Figure 4. Cis and trans effects.

A. Parental differences (estimated based on SNP allele counts) on the x-axes, and hybrid differences on the y-axes, for all genes. Black lines show the slope of the relationship between hybrid and parental differences. The legends indicate the values of these slopes. MA: major axis estimate; SMA: standardized major axis estimate. B. as in A), but only for genes with eQTL in . Red: genes with a local but no distant eQTL, blue: genes with a distant but no local eQTL, purple: genes with both a local and a distant eQTL. Colored lines show the respective regressions of hybrid on parental differences. C. bootstrapped distributions of MA slope estimates. Results from SMA were qualitatively similar.

Figure 5. Relationship between mRNA differences and footprint differences within and between species.

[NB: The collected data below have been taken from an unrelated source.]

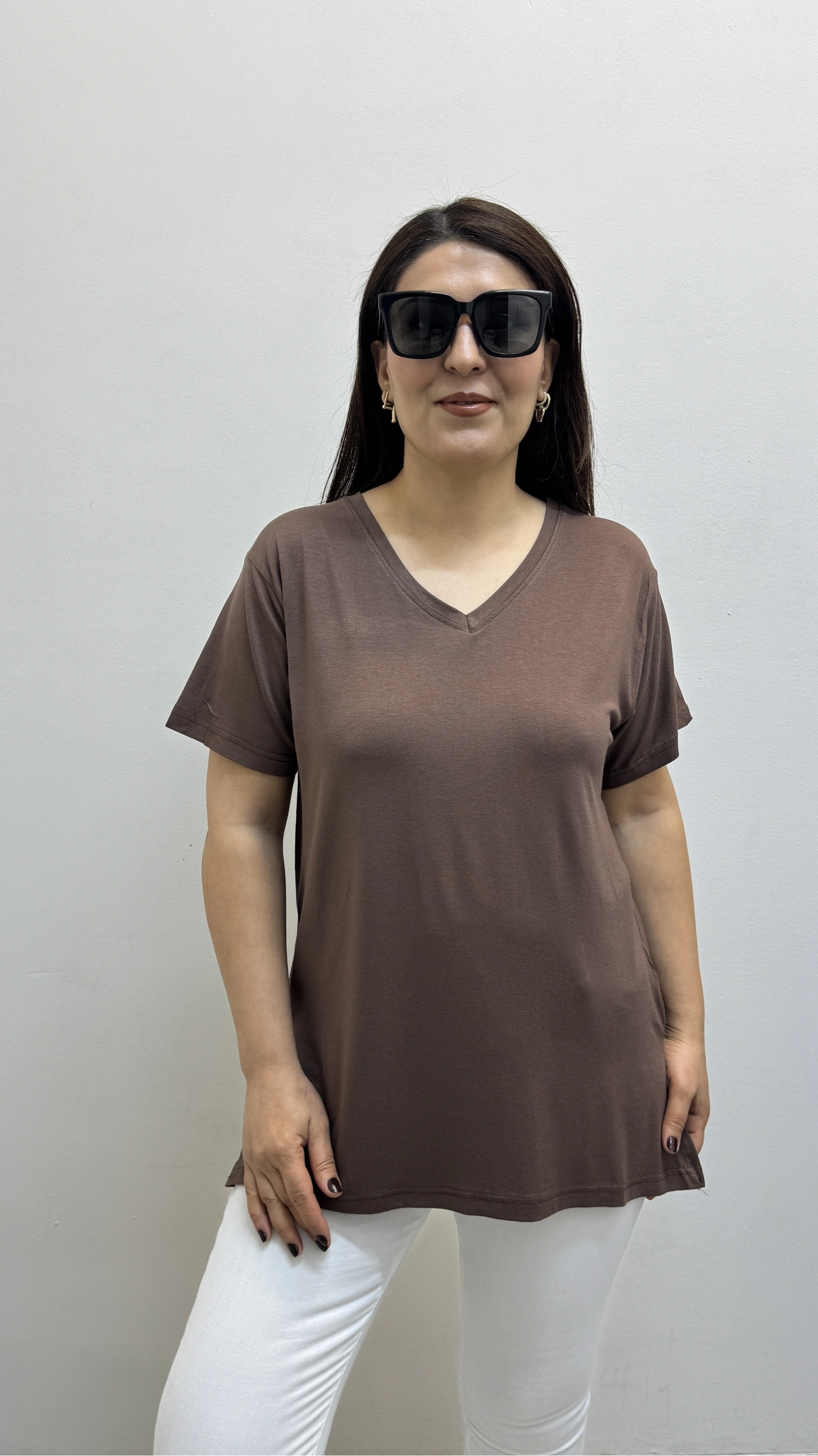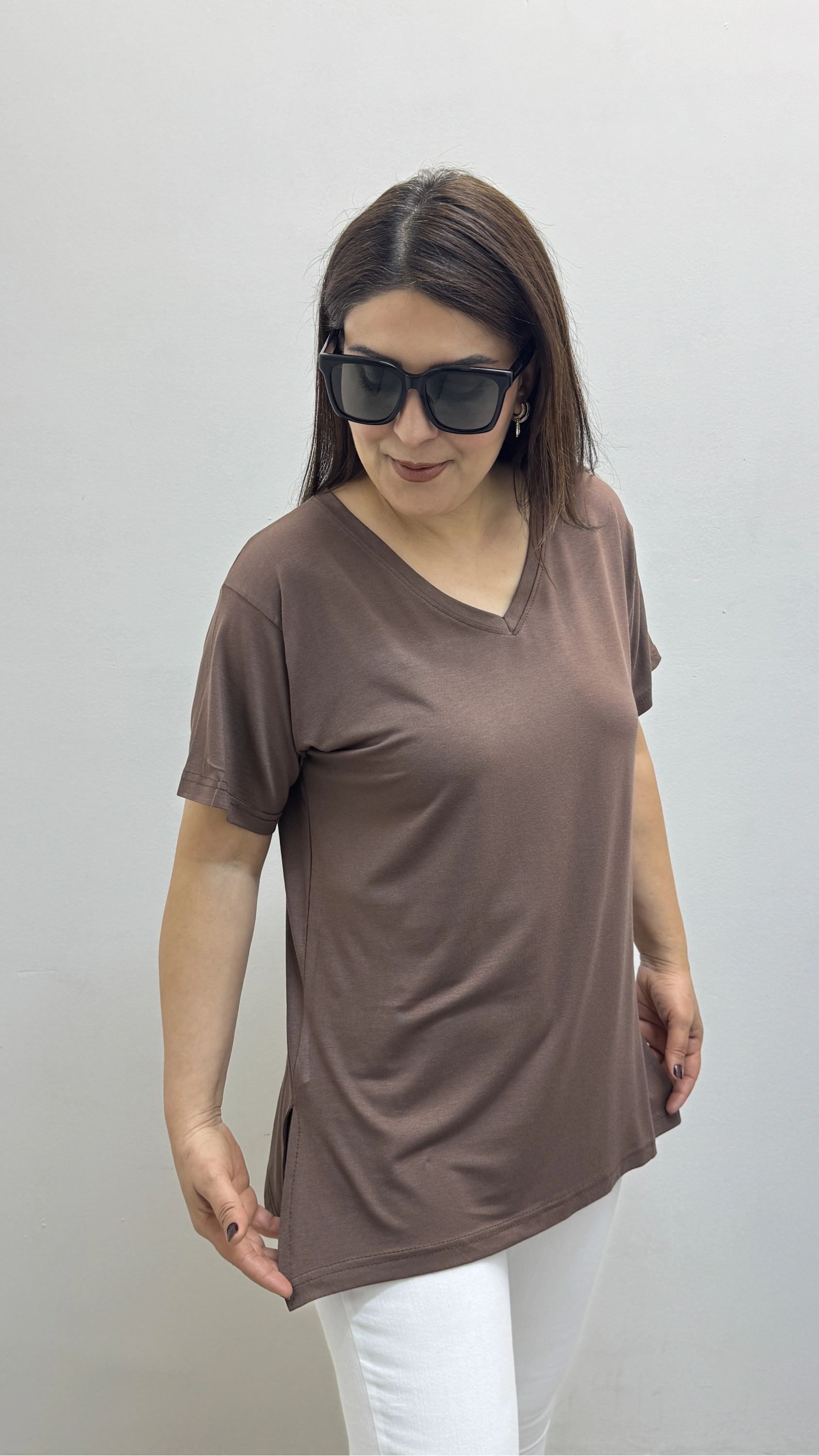 İki Yandan Yırtmaçlı V Yaka Kahverengi Basic Tişört
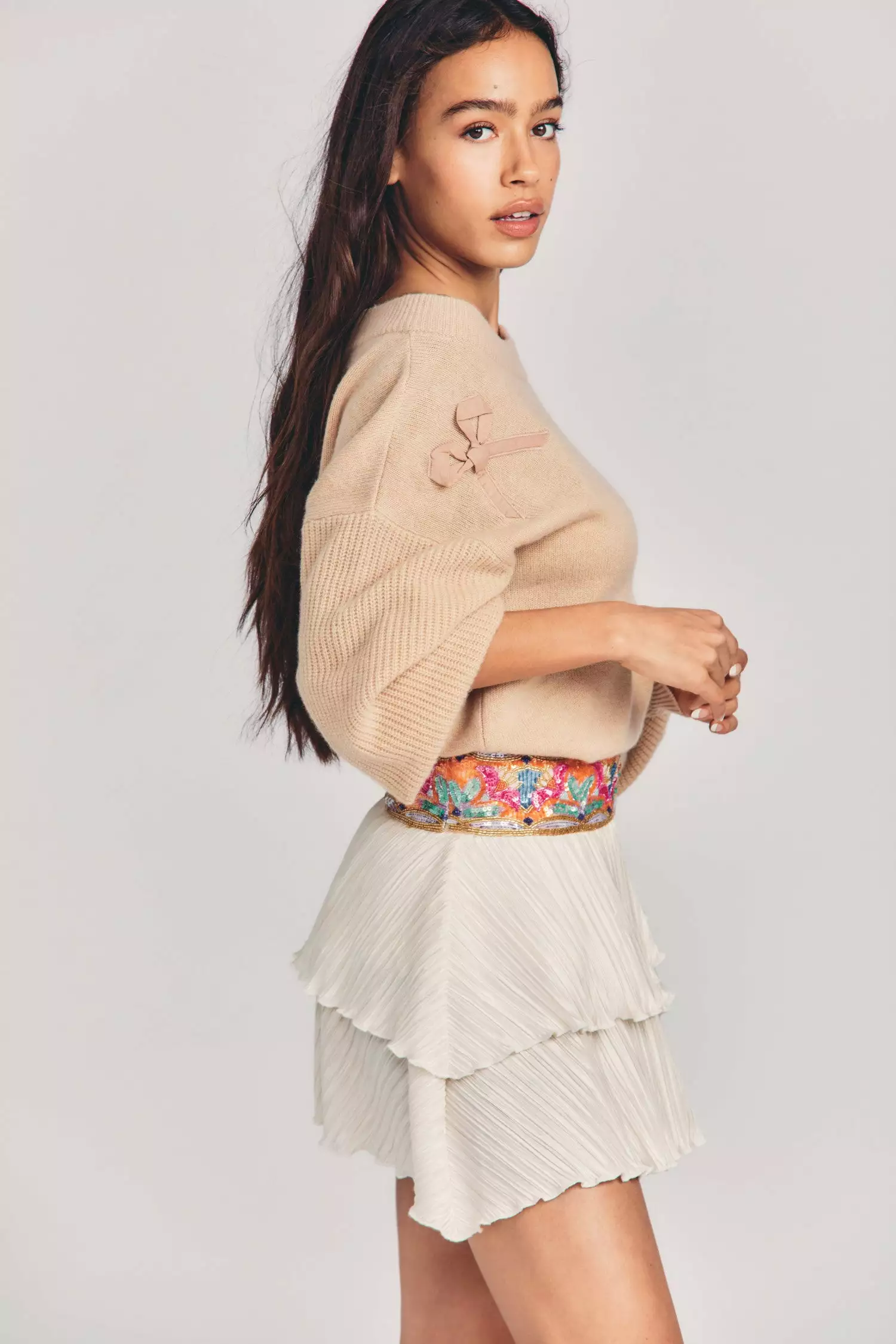 Our Henny Skirt gets the party started in a brand new pleated fabric with waved edges. This decorative mini’s intricate waistband is hand-embroidered and hand-beaded in India. Below, the skirt falls to asymmetrical overlapping tiers. Wear it with our Rosie Pullover Sweater. Shown here in Cream.Γ₯Γ
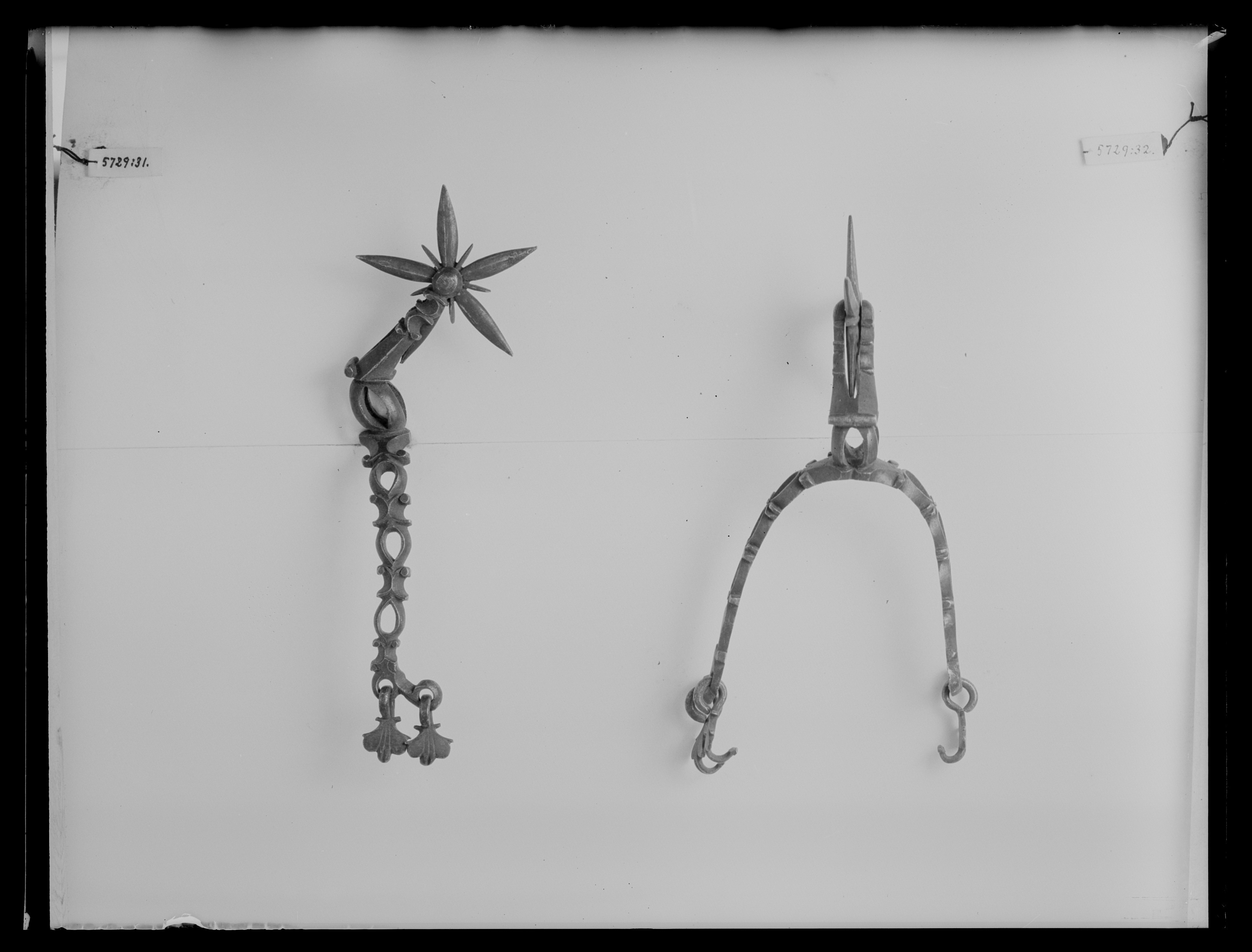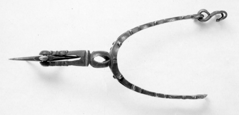 Sporre av stål. U-formade en aning böjda skänklar, genombrutna och ciselerade, ändarna böjda med två hål, vari ena änden två hakar. Hals, l: 54 mm, böjd i vinkel genombruten och ciselerad. Femuddig klinga, d: 52 mm, med fem små uddar i mitten.
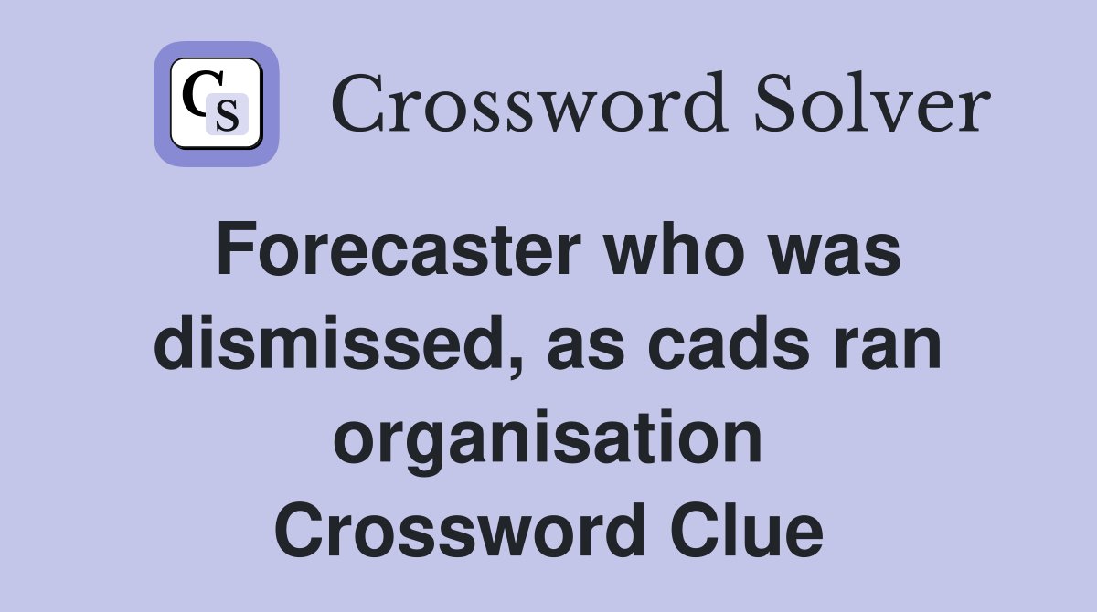 Forecaster who was dismissed as cads ran organisation Crossword Clue
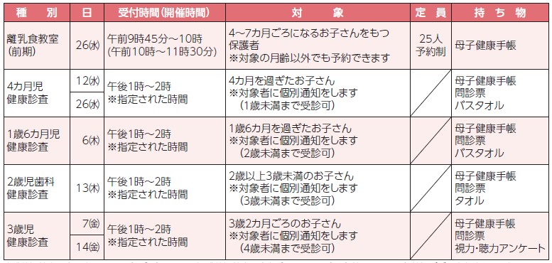 ■11月の母子健康診査、教室のお知らせ
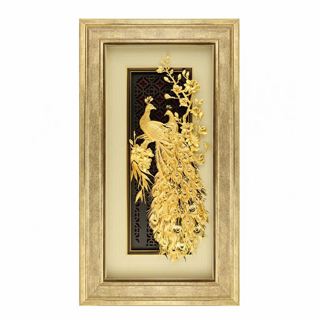 Tranh chim công phú quý vạn niên mạ vàng 24k
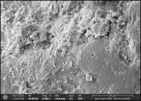 Figure 7, on the other hand, shows the influence of NFA, with a mean particle size of less than 100 nm, which has significantly more vigorous pozzolanic activity, producing more Calcium Silicate Hydration and a more densely loaded microstructure at both the micro- and nanoscales. The nanoscale filling of voids is successful in reducing porosity and microcrack formation, and in enhancing hydration kinetics. Therefore, NFA has a significant positive effect on the strength performance of cementitious paste, tensile, compressive, and rupture strengths of the sample, and long-term durability despite being used at low replacement levels (1-6%), which is higher in comparison with the control group and the sample used in MFA.
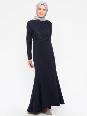 BÜRÜN Lacivert Dantelli İncili Abiye Elbise

A. Schematic representation of the possible relationships between mRNA differences and footprint differences. B. Observed distribution of all analyzed genes in three data sets. The color scheme is the same is in A), with light grey indicating genes without a TE difference. For BY/RM, significance was determined using a Bonferroni-corrected p-value of <0.05. Scer: Saccharomyces cerevisiae. Spar: Saccharomyces paradoxus. The interspecies data were analyzed from published datasets ( and [34]). C) As in B), but showing the fraction of genes with a certain relationship among genes with a significant TE difference.

Figure 6. Comparison of mRNA and footprint differences to pQTL effects.

For each gene, the pQTL effects are shown as the sum of allele frequency differences at all pQTL identified by a bulk segregant approach . The pQTL effect sizes shown on the x axis are identical in all four panels and are compared to A) parental mRNA differences, B) parental footprint differences, C) hybrid allele-specific mRNA differences and D) hybrid allele-specific footprint differences.

Figure 7. Examples of patterns of translation at putative premature stop codons.

Grey arrows indicate the position and strand of ORFs. Footprints (red) and mRNA (blue, inverted scale) for BY and RM are plotted beneath. The positions of putative premature stop codons in BY or RM are shown as light blue, longer horizontal bars, while all sequence differences between BY and RM are shown as light blue tickmarks above the ORF. The mRNA and footprint densities are shown as log transformed numbers of read starts in 30 bp wide smoothed windows. They are only shown for the strand of the displayed ORFs. A. An example of a premature translation termination in CUE2 in RM compared to BY. B. Two putative nonsense SNPs in TRM2 are in fact upstream of the translated and transcribed ORF. C. The gene NIT1 in BY is the result of a premature termination of a full length ORF that in RM includes the downstream ORF YIL165C.